**EXCERPTED RECORDS**
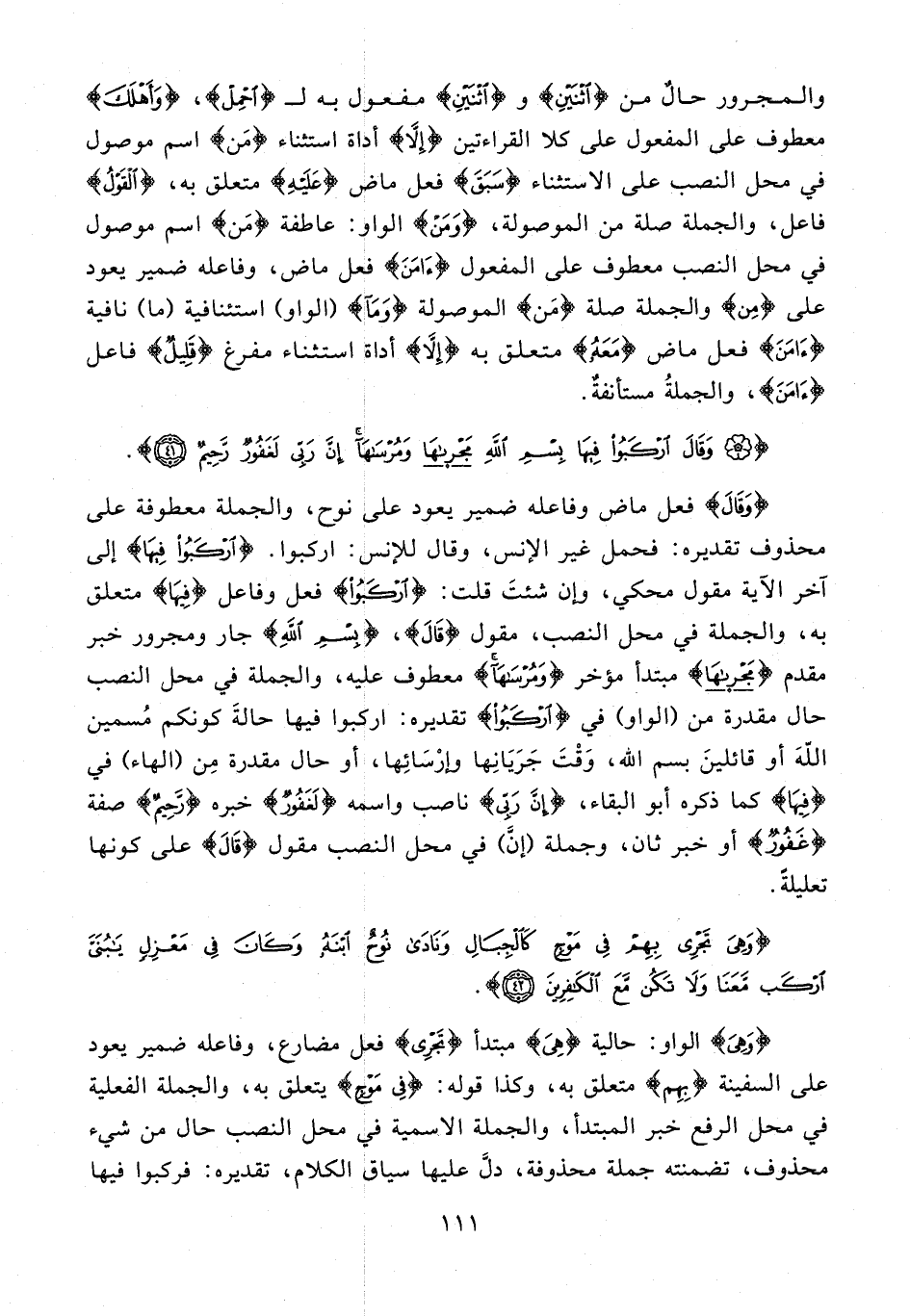 والمجرور حالٌ من {اثْنَيْنِ} و {اثْنَيْنِ} مفعول به لـ {احْمِلْ}، {وَأَهْلَكَ} معطوف على المفعول على كلا القراءتين {إِلَّا} أداة استثناء {مَن} اسم موصول في محل النصب على الاستثناء {سَبَقَ} فعل ماض {عَلَيْهِ} متعلق به، {الْقَوْلُ} فاعل، والجملة صلة من الموصولة، {وَمَنْ} الواو: عاطفة {مَن} اسم موصول في محل النصب معطوف على المفعول {آمَنَ} فعل ماض، وفاعله ضمير يعود على {مِن} والجملة صلة {مَن} الموصولة {وَمَا} (الواو) استئنافية (ما) نافية {آمَنَ} فعل ماض {مَعَهُ} متعلق به {إِلَّا} أداة استثناء مفرغ {قَلِيلٌ} فاعل {آمَنَ}، والجملةُ مستأنفةٌ.
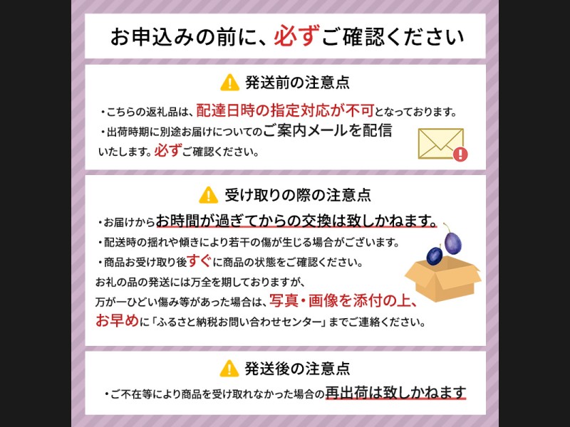 ※災害や天候の影響により収穫量が不足、または、品質を担保できない場合は、事前に連絡させていただきます。
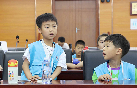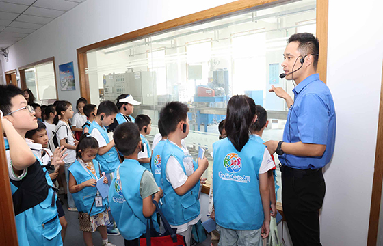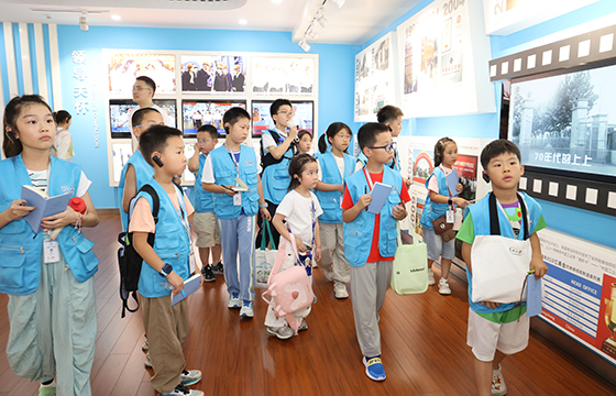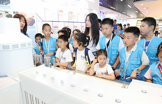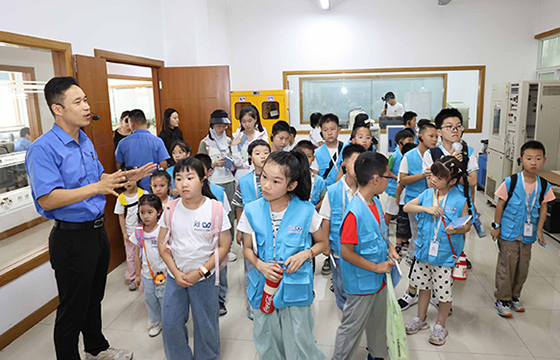 活動第二站——上上展廳,開啟了小記者們對上上發展史的探索之旅。小記者們通過歷史照片、影像資料和榮譽獎牌,全面了解上上電纜58年的奮斗歷程。當解說員介紹到上上的企業規模時,“上上電纜真的是(全球絕緣線纜企業規模排名)中國第一全球第七嗎?我不信!” 起初充滿質疑,但隨著一塊塊獎牌、一座座獎杯的展示,他們的疑問逐漸轉化為驚嘆。連續三屆榮獲中國質量獎提名獎、自主研發的全球絕緣線纜電壓等級最高——750kV交聯聚乙烯絕緣電力電纜、填補世界空白的三代核電纜……這些硬核實力是上上58年奮斗的成果?!拔覀冧嚓栠@么小小的縣城,居然能孕育出規模這么大的企業,上上真了不起!”小記者們真切感受到家鄉企業的非凡實力。
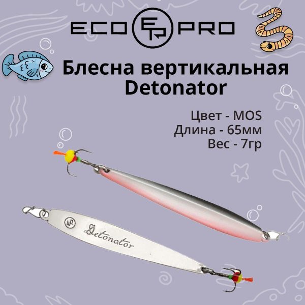 Хорошая поисковая блесна, собирающая рыбу с большого расстояния и обладающая ярко выраженной игрой. Приманка ECOPRO Detonator планирует из стороны в сторону, отклоняясь от вертикальной оси и переваливаясь с боку на бок. В конструкции приманки заложена возможность устанавливать крючок на оба конца блесны. После переустановки крючка приманка при падении начинает активнее «рыскать» из стороны в сторону.
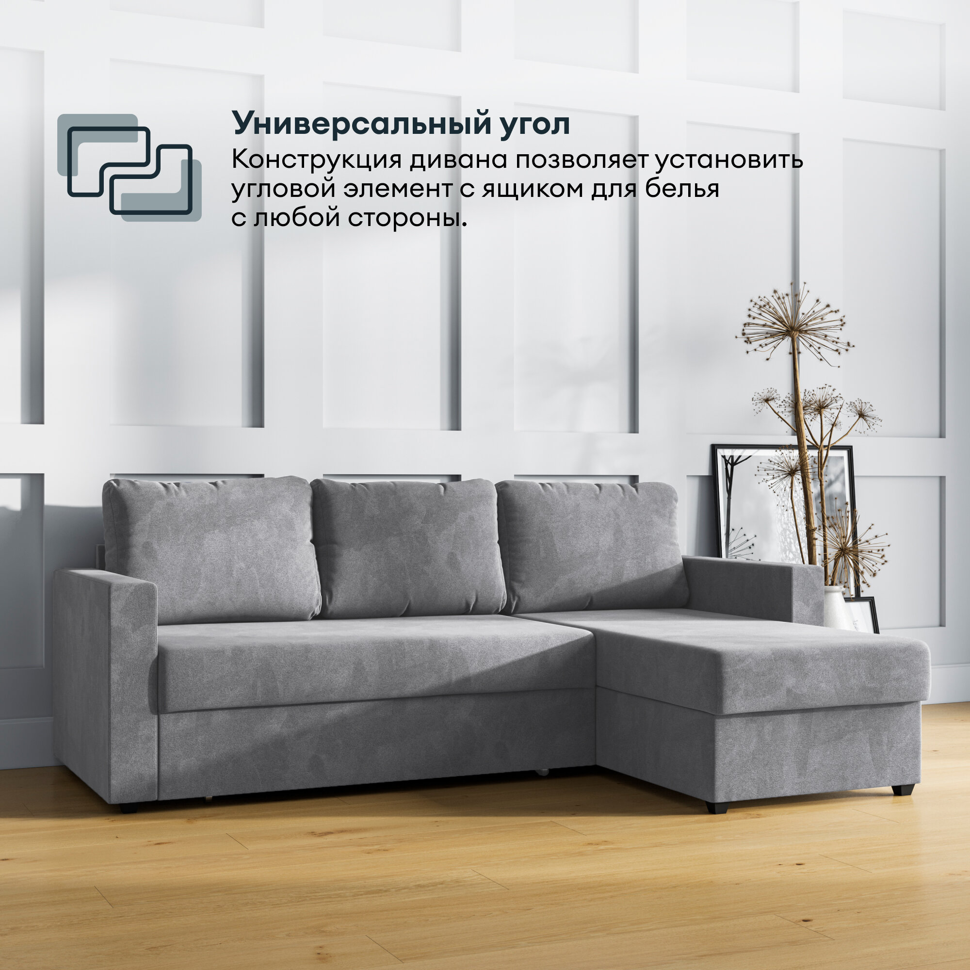СохранитьУгловой диван-кровать, HYPNOZ Denver, механизм Дельфин, Светло-серый, 221х153х85 см интересное:
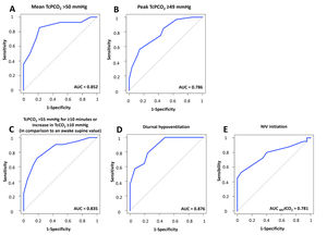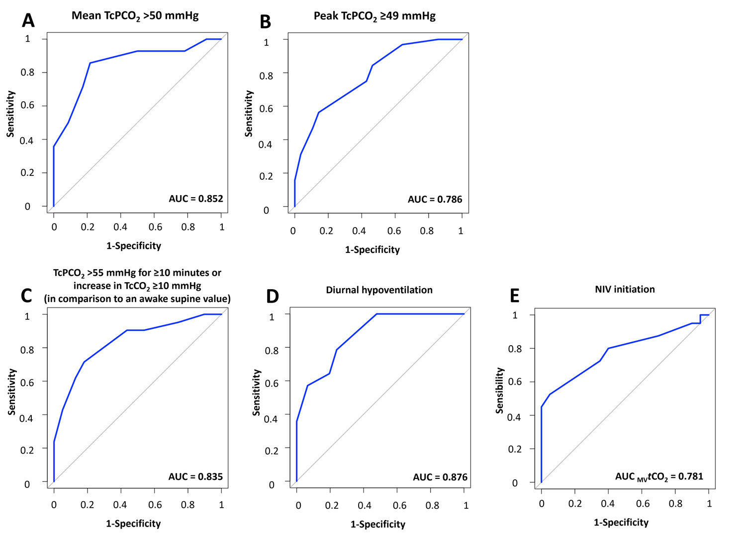 MVtCO2 demonstrated strong predictive performance for diurnal (AUC 0.876 [95% CI: 0.783–0.968]) and nocturnal hypoventilation (definition 1: AUC 0.852 [95% CI: 0.723–0.980]; definition 2: AUC 0.786 [95% CI: 0.675–0.898]; definition 3: AUC 0.835 [95% CI: 0.783–0.968]) and NIV initiation (AUC 0.781 [95% CI: 0.669–0.893]) (see supplemental material for figure).
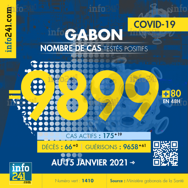 Ce qui porte le bilan à 9 899 cas confirmés, 66 décès et 9 658 guérisons. Le Gabon compte actuellement 175(+19) cas actifs de la pandémie officiellement déclarés. Parmi eux 14(+6) patients hospitalisés dans le pays dont 10(+2) en réanimation.
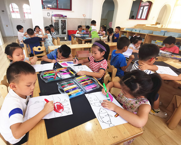 活动开始,小朋友们拿着彩笔、油画棒在各自天地间尽情发挥自己的想象和创造力。色彩斑斓的鱼儿、憨态可掬的海豹、大鲨鱼、大海龟等海洋生物,在孩子们的画笔下栩栩如生。丰富多样的海洋生物仿佛在水里游弋,熠熠生辉。
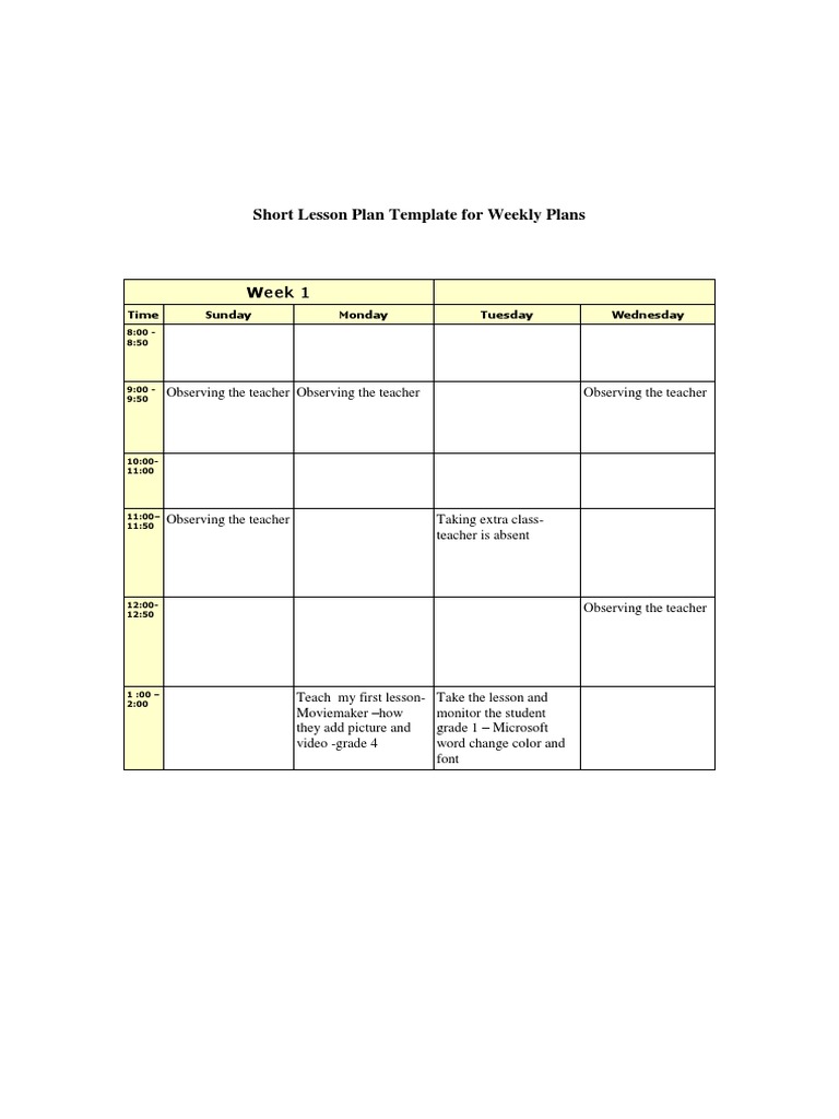 Short Lesson Plan Template For Weekly Plans Lesson Plan
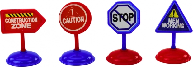 Balenie obsahuje 4 edukačné dopravné značky, ktoré simulujú prostredie staveniska a učia dopravnú bezpečnosť.
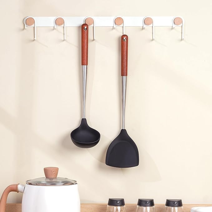 - 3 in 1 cooking utensils: Wooden handle, 304 stainless steel, silicone 3 in 1. Wooden handle has better grip, stainless steel frame is more durable, silicone doesn't hurt your pans, the production process is more complicated, but it's worth it!

**BRIEF**
The line with "活動第二站——上上展廳,開啟" marks the end: restate word for word every line from the top of the data through that one, omitting pictures.

**ANSWER FOR THE TASK**
 والمجرور حالٌ من {اثْنَيْنِ} و {اثْنَيْنِ} مفعول به لـ {احْمِلْ}، {وَأَهْلَكَ} معطوف على المفعول على كلا القراءتين {إِلَّا} أداة استثناء {مَن} اسم موصول في محل النصب على الاستثناء {سَبَقَ} فعل ماض {عَلَيْهِ} متعلق به، {الْقَوْلُ} فاعل، والجملة صلة من الموصولة، {وَمَنْ} الواو: عاطفة {مَن} اسم موصول في محل النصب معطوف على المفعول {آمَنَ} فعل ماض، وفاعله ضمير يعود على {مِن} والجملة صلة {مَن} الموصولة {وَمَا} (الواو) استئنافية (ما) نافية {آمَنَ} فعل ماض {مَعَهُ} متعلق به {إِلَّا} أداة استثناء مفرغ {قَلِيلٌ} فاعل {آمَنَ}، والجملةُ مستأنفةٌ.
 ※災害や天候の影響により収穫量が不足、または、品質を担保できない場合は、事前に連絡させていただきます。
 活動第二站——上上展廳,開啟了小記者們對上上發展史的探索之旅。小記者們通過歷史照片、影像資料和榮譽獎牌,全面了解上上電纜58年的奮斗歷程。當解說員介紹到上上的企業規模時,“上上電纜真的是(全球絕緣線纜企業規模排名)中國第一全球第七嗎?我不信!” 起初充滿質疑,但隨著一塊塊獎牌、一座座獎杯的展示,他們的疑問逐漸轉化為驚嘆。連續三屆榮獲中國質量獎提名獎、自主研發的全球絕緣線纜電壓等級最高——750kV交聯聚乙烯絕緣電力電纜、填補世界空白的三代核電纜……這些硬核實力是上上58年奮斗的成果?!拔覀冧嚓栠@么小小的縣城,居然能孕育出規模這么大的企業,上上真了不起!”小記者們真切感受到家鄉企業的非凡實力。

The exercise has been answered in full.